BitDepth

The plastic mind

3 Mins read

BitDepth#987 for May 05, 2015

Baroness Susan Greenfield discusses her neuroscience findings at the Chamber. Photograph by Mark Lyndersay.

Baroness Susan Greenfield discusses her neuroscience findings at the Chamber.
Photograph by Mark Lyndersay.

Baroness Susan Greenfield launched this year’s Bocas Lit Fest literary festival with a talk at the T&T Chamber of Commerce last Monday.

As you might expect, the Baroness has a book out, Mind Change, which discusses the way that modern technology affects the way the mind works.

Greenfield is a neuroscientist with an easy conversational style in person and a sensible, levelheaded way of making her points that’s seductively agreeable.

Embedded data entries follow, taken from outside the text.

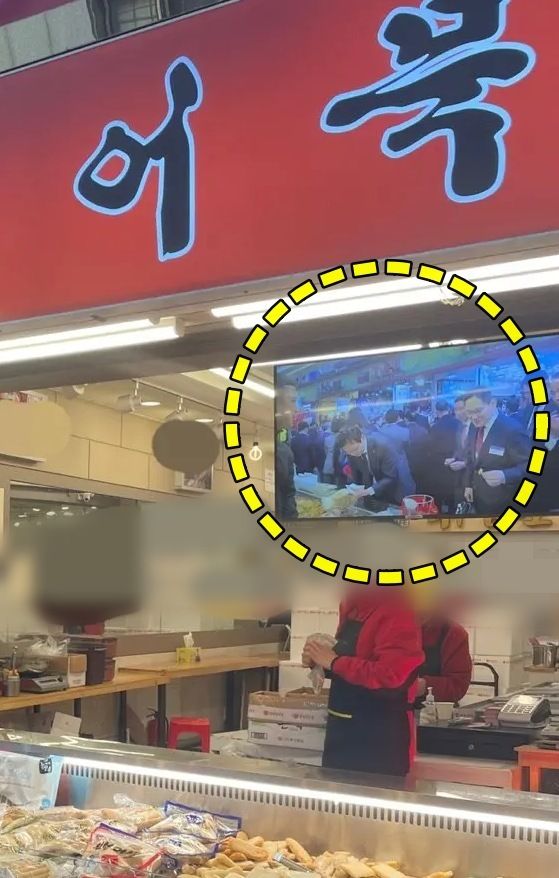 어묵집 매장 안 TV에선 이 회장 방문 당시 모습이 영상으로 무한재생되고 있다. / 더쿠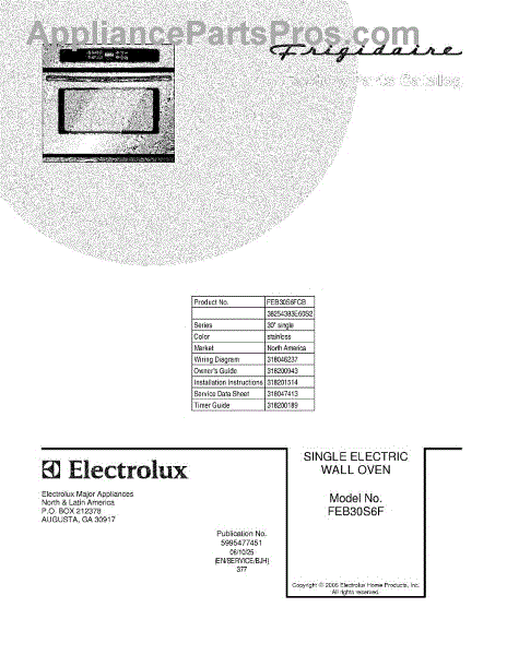 Parts for Frigidaire FEB30S6FCB: 01 - Cover Parts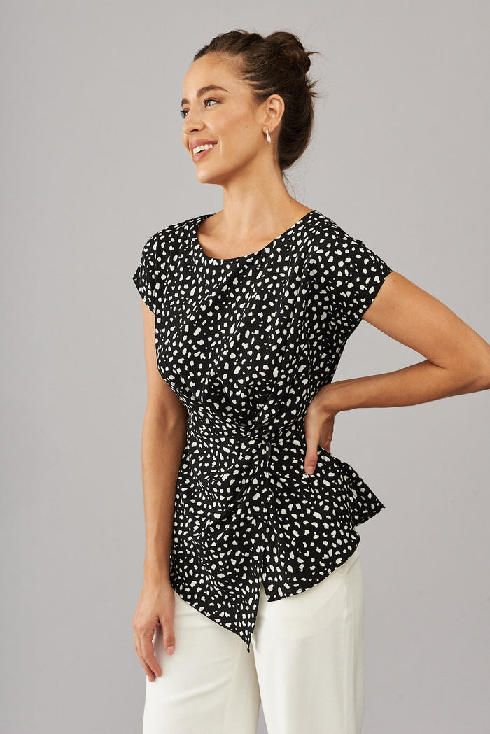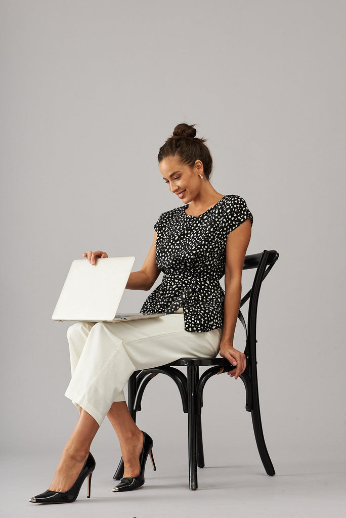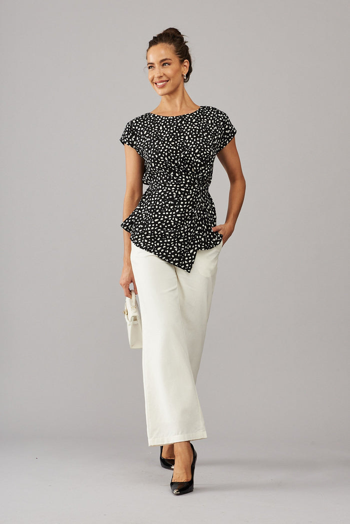 It's the twist accent that gives our Thania Top that elevated feel! This top was made to jush up your jeans, or wear with a pair of tailored pants for some cool girl office attire!

Greenfield backs up her theories with hard research into the way the brain works and the fundamental changes that an increasingly screen-based culture is wreaking on the way we think, the way we picture ourselves and the way that culture and human interaction have fundamentally changed in the high-speed arena of social media interaction.

At the core of her thinking is the idea of the individual.

“Nobody’s ever wanted a brain transplant,” Greenfield notes, underlining the importance of the self to everyone’s world view.

Baroness Greenfield is a witty and charming speaker, quite keen to pivot the seriousness of her subject matter with humour and sudden, sharp groundings in reality.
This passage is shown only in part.